More than half of the displaced under U.N. care last year were located in countries with average earnings below $5,000 per year, according to UNHCR stats. Eighty percent of the world’s refugees, four out of five, were under the care of a developing nation. At least 2.4 million people had relocated to countries poor enough to be included on the U.N.’s ranking of the world’s most hardscrabble places, the “Forty-Nine Least Developed Nations.”
The war in Syria was a contributor. But it wasn’t the largest source of refugees. That title still goes to Afghanistan. The top four countries hosting refugees are Pakistan (1.6 million), Iran (868,200), Germany (589,700), and Kenya (565,000). The total number of human beings living as refugees, IDPs, or in the process of seeking asylum in a new nation was 35.8 million last year. That includes 7.6 million newly displaced to a country outside their own, plus 6.5 million displaced within their own country of origin. UNHCR claims 23,000 people were displaced each day of 2012 because of political unrest and wars.
The statistics go on, and don’t get easier, unfortunately. At least 21,300 applications for asylum were filed with national governments on behalf of unaccompanied children. That means orphans or children who don’t know where their parents are and are deemed to have become hopelessly separated from them. Most were Afghan or Somali. The number was the highest since the U.N. started keeping track of such cases in 2006.
The agency tried to express how many refugees a country was hosting as a ratio of that country’s economic might. One of the world’s largest economies, Germany (589,700 refugees in 2012), absorbed a similar number of displaced as developing Kenya (564,900). Expressed as a ratio of refugees per one dollar of a country’s GDP, the list of burdens on host states looks very different than the straight population numbers:
• Pakistan (552 refugees per dollar of GDP)
• Ethiopia (303)
• Kenya (301)
• South Sudan (209)
• Chad (200)
• Dem. Rep. of Congo (153)
• Uganda (130)
• Bangladesh (112)
• Yemen (98)
• Syrian Arab Rep. (90)
Afghans were twice as numerous in displaced persons rolls (nearly 2.6 million) as the second most-common national group, Somalis (1.1 million). The rest of the common nations of origin for displaced people last year were Iraq, Syria, Sudan, DR Congo, Myanmar (Burma), Colombia, Vietnam, and Eritrea.
The 650,000 Syrians who fled home last year were part of the largest national exodus since 1999, when 867,000 people were sent running from conflict in Kosovo. In that case, most Kosovars returned quickly after the conflict ended. However, more than a decade later nearly 15,000 were deported from host nations and forcibly repatriated, sparking a fierce debate in Europe and, to a lesser degree, Australia, which had accepted some Kosovar families.
The Syrian crisis has been so dramatic, neighboring Jordan now has 49 Syrian refugees living in its borders for every 1,000 Jordanian citizens.
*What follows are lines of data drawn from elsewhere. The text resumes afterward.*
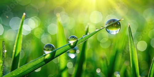 Dew Drops on Green Grass Blades with Sunlight and Soft Bokeh Effect
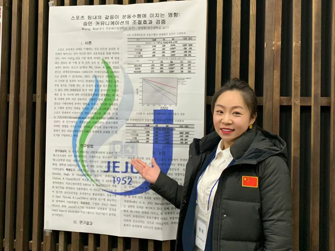 王瑞长期深耕在体育学领域的研究一线,发表了一系列研究成果。在韩国留学期间,她被聘任为韩国教练能力开发研究院济州中心的副会长,曾多次受邀参加相关会议。在本次会议中,王瑞发表了题为《中国留学生运动参与水平与学校生活满意度的关系:运动投入的调节作用》的论文,并参与了“体育及教练现场对话”环节,与国际专家展开热烈研讨,就冰雪运动经济与训练方法等前沿问题展开交流,进一步拓展了国际合作与科研视野。王瑞在会议期间的专业表现,受到了学者们的一致好评,充分展现了我校教师良好的精神风貌、科研素养与国际影响力,为我校在国际学术交流与教学科研提质等方面注入了前沿动力。
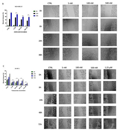 As shown in Figure 6C, the migration rate of SK-BR-3 cells was significantly inhibited compared to the control by trastuzumab at all concentrations tested, ranging from 5 nM to 1.25 µM.
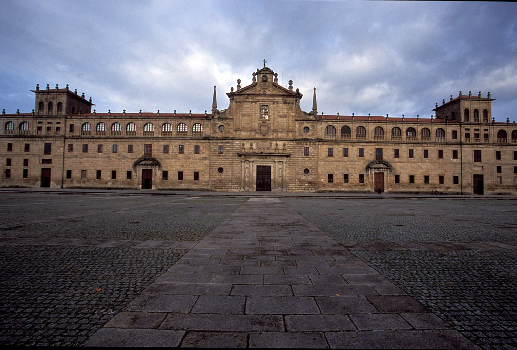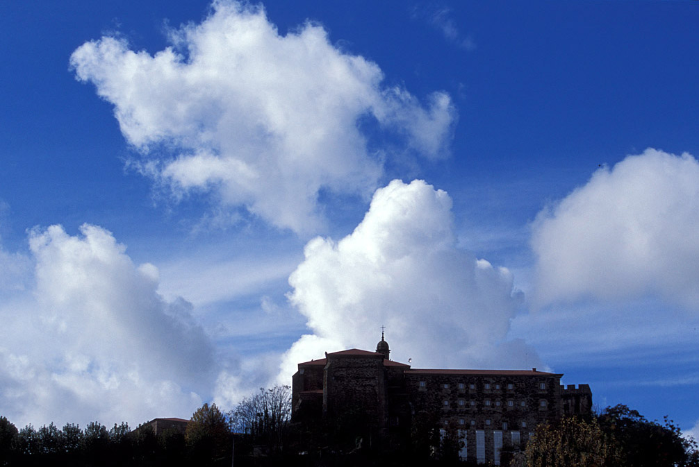 San Vicente del Pino fundado en los siglos IX-X en un promontorio desde el que se divisa todo el valle. Se han localizado allí restos de un primitivo castro y vestigios prerromanos. En el exterior del edificio neoclásico actual, del siglo XVI, destaca la fachada central. Está unido a la torre del primitivo castillo y al palacio de los condes de Lemos, junto al que integra el actual Parador. Destaca el claustro neoclásico de cantería labrada. A la izquierda se encuentra la iglesia de fachada renacentista. En el interior gótico, con planta de cruz latina con tres capillas rectangulares, sobresalen el altar mayor y el órgano barrocos. (c) 2009 Herminia Bevia Villalba |
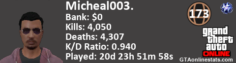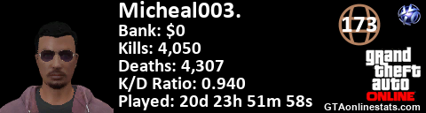 <a href="http://GTAonlinestats.com/showplayer/Micheal003."><img src="http://GTAonlinestats.com/dmsignature/Micheal003./sig.png" alt="Micheal003." border="0" /></a>

The majority of the refugee populations are located in neighboring nations—Congolese in Uganda, Vietnamese in China. The exceptions are Afghan, Iraqi, and Somali refugees, whose nations of origin have suffered more than a decade of conflict each, resulting in broader diaspora among those populations. Afghan refugees are now hosted, many long-term, in 82 countries around the world, the U.N. believes.